We have a total return of 234.1 per cent in the 13+ years since inception. That translates into an average annual growth rate of 9.59 per cent, which is above our target range.
In terms of cash flow, the portfolio earned $2,081.27 in the latest period, for a yield of 2.66 per cent in seven months. Our annual cash flow target is 5 per cent, so the portfolio is just a bit short of that.
Changes: NWC has performed well for us, but the yield has fallen below 3 per cent. That’s too low for a high-yield portfolio, so we will sell this position for a total of $8,836.90, including retained income.

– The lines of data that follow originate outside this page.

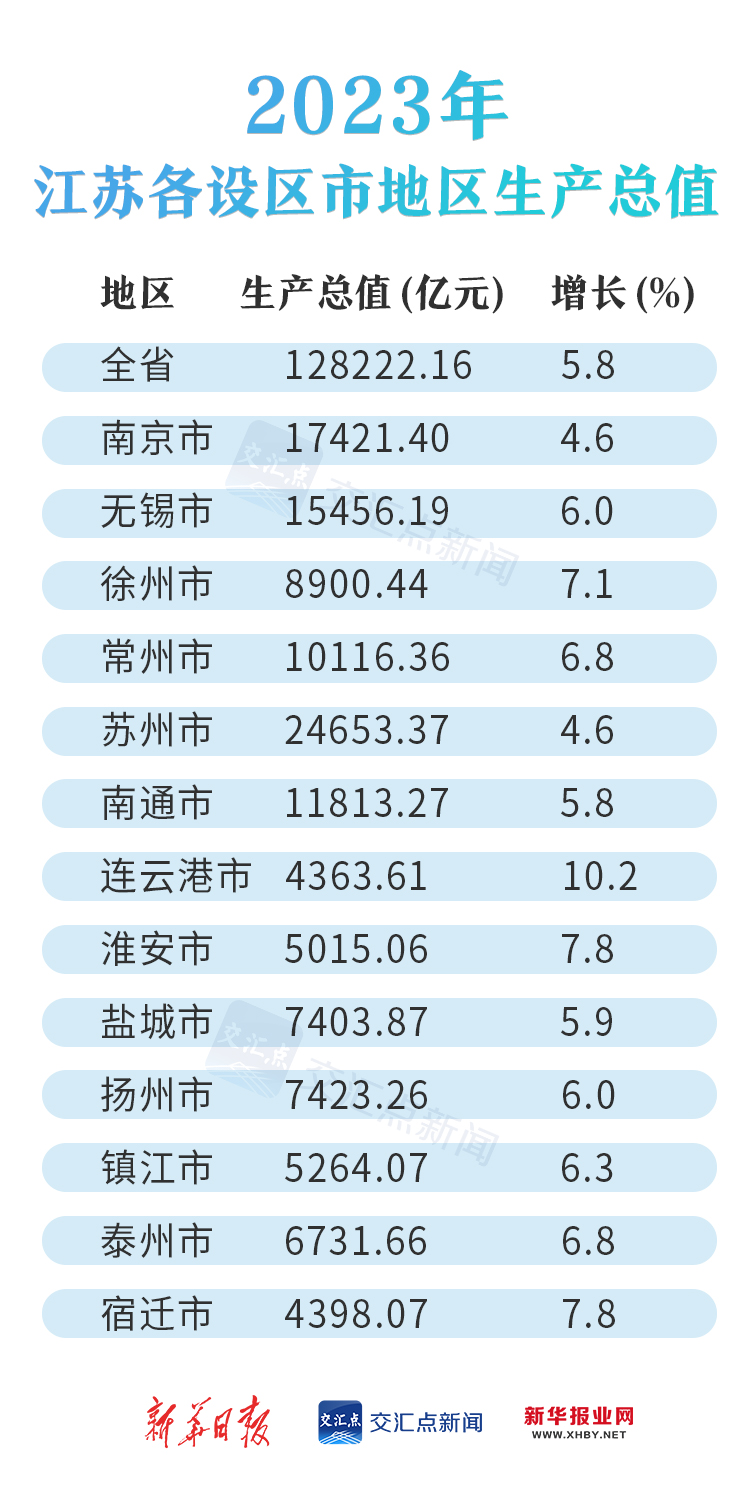 2月6日,记者从江苏省统计局获悉我省各设区市的地区生产总值情况。整体来看,根据地区生产总值统一核算结果,2023年江苏GDP实现128222.16亿,同比增长5.8%。江苏13个设区市中有5个市GDP总量超万亿元,江苏也成为首个拥有5座万亿城市的省份。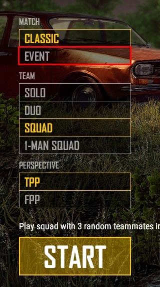 请大家注意, 第一次活动模式只会提供Erangel地图的TPP模式,以确保高效率的匹配。 任何拥有PUBG玩家都将可以享受到本模式。为了进入活动模式,请点击主菜单左下角的活动模式(event mode)按钮。活动模式不会影响到玩家的段位积分,每次比赛结束之后会提供BP奖励。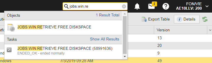 To insert the Job, start typing its name in the Search field. The Global Search opens a drop down list with a selection of the results of the search. This is what it looks like: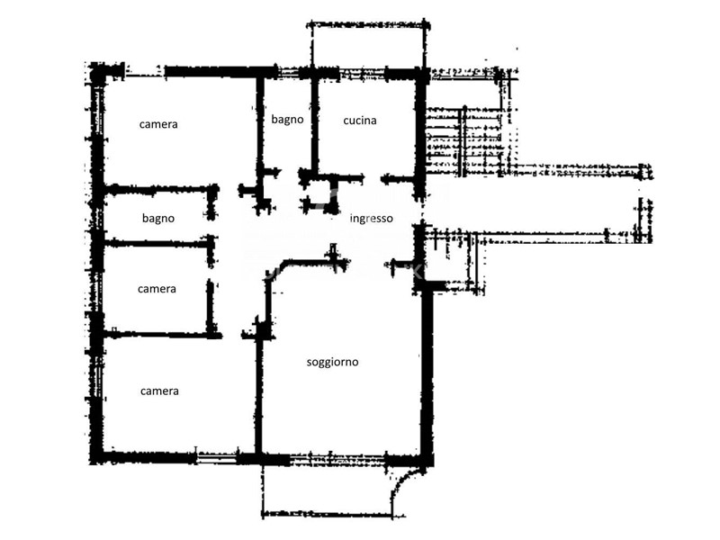 L'immobile si compone di ingresso, salone, cucina abitabile, tre camere due bagni entrambi finestrati, ripostiglio e due poggioli.

We will use this money to buy 430 shares of Northland Power (NPI-T), which is trading at $20.69. Northland is a clean energy company with operations in Canada, the U.S., and Europe. The shares pay a monthly dividend of $0.10 ($1.20 a year) to yield 5.8 per cent. The total cost of this purchase is $8,896.70. We’ll take $59.80 from cash to make up the difference.
We will also reinvest some of our retained earnings as follows:
ENB – We’ll buy another 10 shares for $627.30. This brings our total to 110 shares and leaves $49.98 in reserve.
CPX – We’ll add 10 shares at a cost of $541.70. That brings our total to 140 shares, with $38.88 remaining.
POW – Here again, we’ll add 10 shares for a cost of $499.90. That brings our total to 190 shares, with $15.53 left in reserve.
We have cash and retained earnings of $3,849.19. Simplii Financial is offered a promotional rate of 3.7 per cent for the next seven months so we’ll move the money there.
Here is the revised portfolio. I’ll review it again in September.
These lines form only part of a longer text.